#### [Exercise directions]
Would you repeat the whole listing exactly, pictures excluded?

#### [Data supplied]
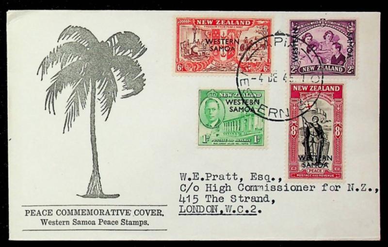Western Samoa ovpt on New Zealand Peace 4v 1945 cover from Apia to London England (Image)
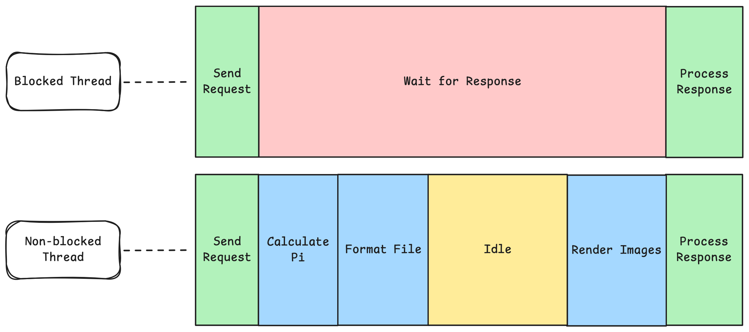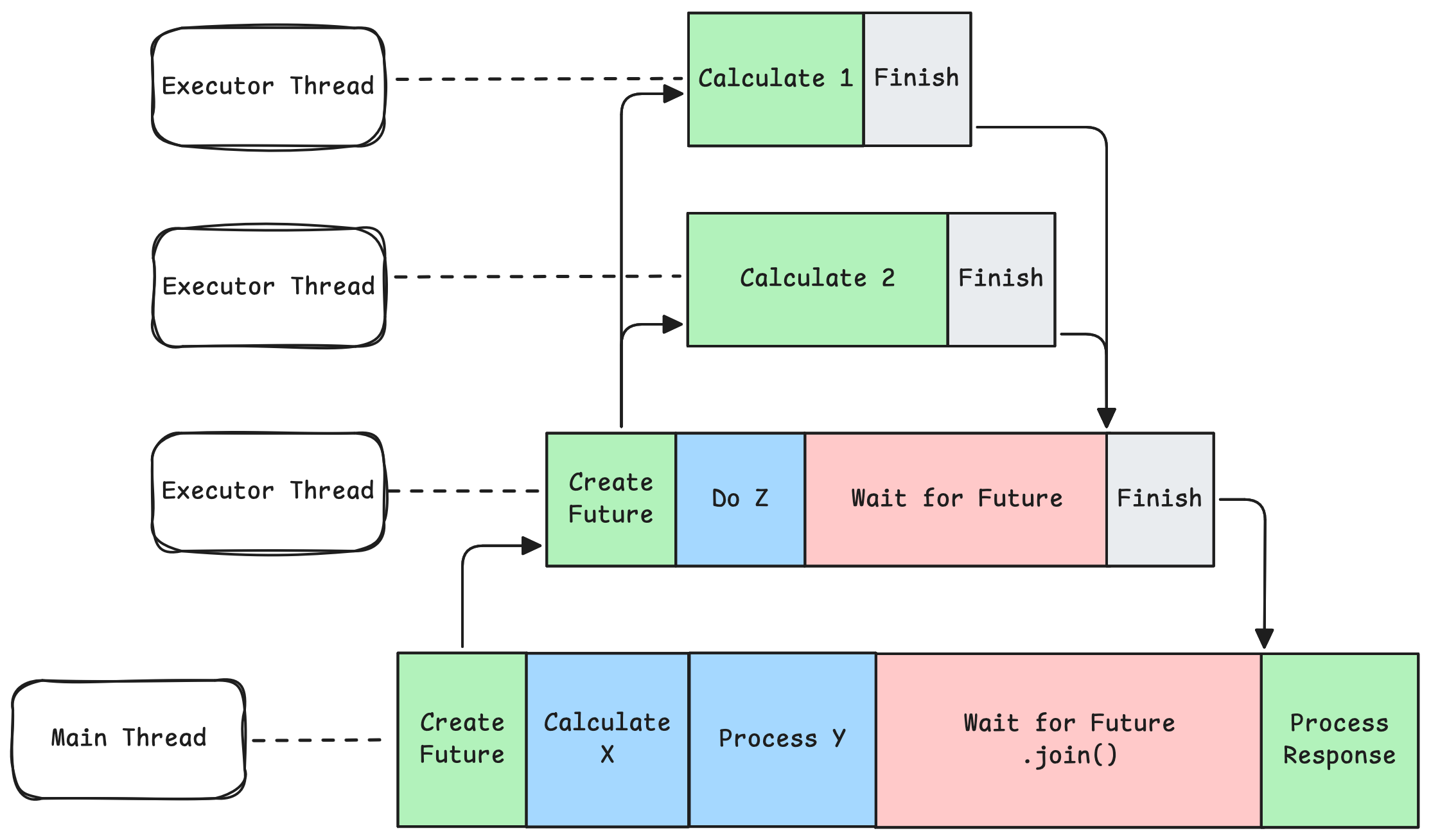 For now we have just considered a static blocking call, sleep(...). However, most of the blocking calls we typically use are I/O related. For example network I/O, where you send a request and wait for a response to come back. To write fully non-blocking code, you have to spin-up a thread for each step that has blocking logic (wait). You also need to write schedulers and coordinators to manage those jobs and make sure they are running with high concurrency and low latency. So, developers of Java said concurrency is really hard to manage manually, let's invent some construct that allows developers to write asynchronous code, and that's how Future is born.
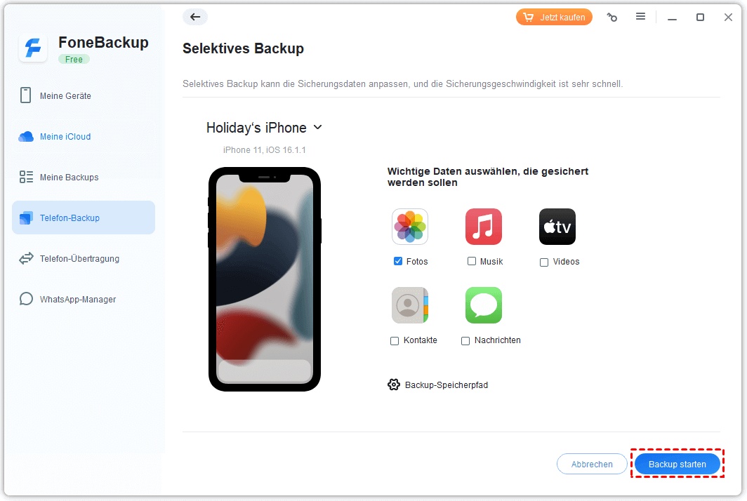 Schritt 2. Sie können das Funktionsfeld auf der linken Seite „Telefon-Backup“ > „Selektives Backup“ > „Backup starten“ auswählen.
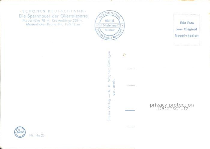 72178848 Okertalsperre Sperrmauer postalisch nicht gelaufen Erhaltung siehe scans KatCode: 11110003153005
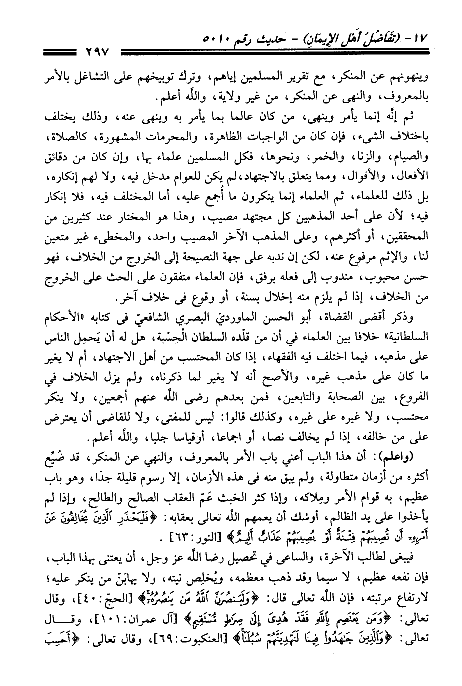 وذكر أقضى القضاة، أبو الحسن الماورديّ البصريّ الشافعيّ فى كتابه "الأحكام السلطانية" خلافا بين العلماء فِي أن منْ قلّده السلطان الْحِسبْة، هل له أن يَحمِل النَّاس عَلَى مذهبه، فيما اختلف فيه الفقهاء، إذا كَانَ المحتسب منْ أهل الاجتهاد، أم لا يغير ما كَانَ عَلَى مذهب غيره، والأصح أنه لا يغير لما ذكرناه، ولم يزل الخلاف فِي الفروع، بين الصحابة والتابعين، فمن بعدهم رضى الله عنهم أجمعين، ولا ينكر محتسب، ولا غيره عَلَى غيره، وكذلك قالوا: ليس للمفتى، ولا للقاضى أن يعترض عَلَى منْ خالفه، إذا لم يخالف نصا، أو اجماعا، أو قياسا جليا، والله أعلم.

#### [Worked solution]
Western Samoa ovpt on New Zealand Peace 4v 1945 cover from Apia to London England (Image)
 For now we have just considered a static blocking call, sleep(...). However, most of the blocking calls we typically use are I/O related. For example network I/O, where you send a request and wait for a response to come back. To write fully non-blocking code, you have to spin-up a thread for each step that has blocking logic (wait). You also need to write schedulers and coordinators to manage those jobs and make sure they are running with high concurrency and low latency. So, developers of Java said concurrency is really hard to manage manually, let's invent some construct that allows developers to write asynchronous code, and that's how Future is born.
 Schritt 2. Sie können das Funktionsfeld auf der linken Seite „Telefon-Backup“ > „Selektives Backup“ > „Backup starten“ auswählen.
 72178848 Okertalsperre Sperrmauer postalisch nicht gelaufen Erhaltung siehe scans KatCode: 11110003153005
 وذكر أقضى القضاة، أبو الحسن الماورديّ البصريّ الشافعيّ فى كتابه "الأحكام السلطانية" خلافا بين العلماء فِي أن منْ قلّده السلطان الْحِسبْة، هل له أن يَحمِل النَّاس عَلَى مذهبه، فيما اختلف فيه الفقهاء، إذا كَانَ المحتسب منْ أهل الاجتهاد، أم لا يغير ما كَانَ عَلَى مذهب غيره، والأصح أنه لا يغير لما ذكرناه، ولم يزل الخلاف فِي الفروع، بين الصحابة والتابعين، فمن بعدهم رضى الله عنهم أجمعين، ولا ينكر محتسب، ولا غيره عَلَى غيره، وكذلك قالوا: ليس للمفتى، ولا للقاضى أن يعترض عَلَى منْ خالفه، إذا لم يخالف نصا، أو اجماعا، أو قياسا جليا، والله أعلم.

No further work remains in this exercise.